Exercise details:
Below is a listing. Return the lines from the one that contains "Robe débardeur grande" to the one that contains "O Autor numa  foto", both ends included, verbatim and with no pictures.

Data section:
===

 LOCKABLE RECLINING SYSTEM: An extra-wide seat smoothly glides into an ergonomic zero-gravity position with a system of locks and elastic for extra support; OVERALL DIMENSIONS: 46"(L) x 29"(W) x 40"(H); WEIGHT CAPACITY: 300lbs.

===

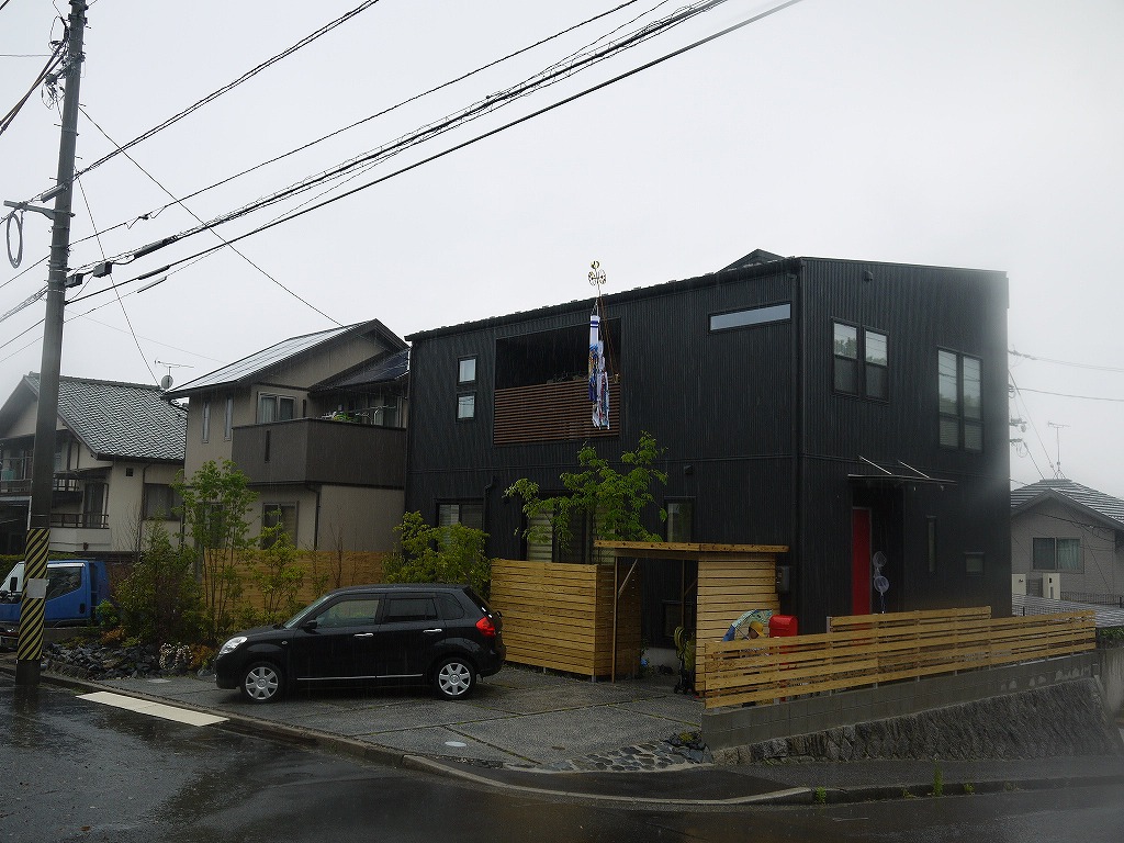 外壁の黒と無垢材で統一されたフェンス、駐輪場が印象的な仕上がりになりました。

===

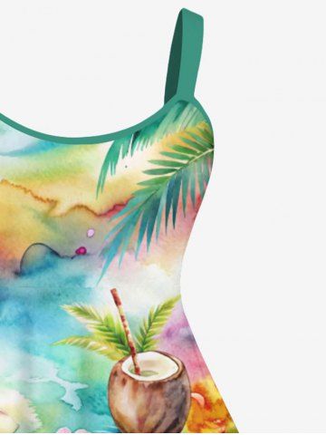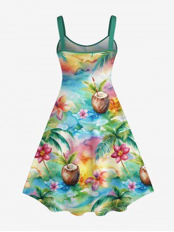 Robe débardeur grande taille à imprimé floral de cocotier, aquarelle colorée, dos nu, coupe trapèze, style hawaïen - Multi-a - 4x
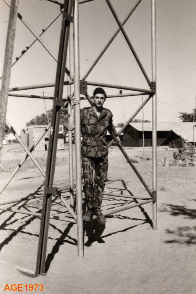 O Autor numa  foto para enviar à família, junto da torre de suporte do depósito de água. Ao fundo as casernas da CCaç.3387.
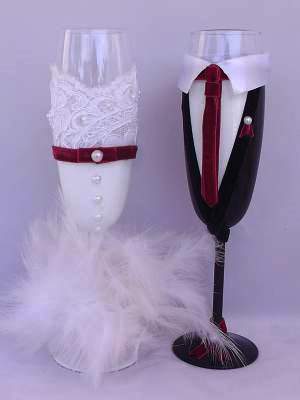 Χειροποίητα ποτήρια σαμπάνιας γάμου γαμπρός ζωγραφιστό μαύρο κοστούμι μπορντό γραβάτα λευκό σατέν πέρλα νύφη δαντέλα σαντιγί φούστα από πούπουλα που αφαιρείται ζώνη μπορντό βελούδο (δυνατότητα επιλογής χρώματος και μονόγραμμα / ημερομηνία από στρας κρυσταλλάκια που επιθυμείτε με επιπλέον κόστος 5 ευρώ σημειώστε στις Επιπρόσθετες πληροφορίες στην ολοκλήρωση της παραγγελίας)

===

The answer:
 Robe débardeur grande taille à imprimé floral de cocotier, aquarelle colorée, dos nu, coupe trapèze, style hawaïen - Multi-a - 4x
 O Autor numa  foto para enviar à família, junto da torre de suporte do depósito de água. Ao fundo as casernas da CCaç.3387.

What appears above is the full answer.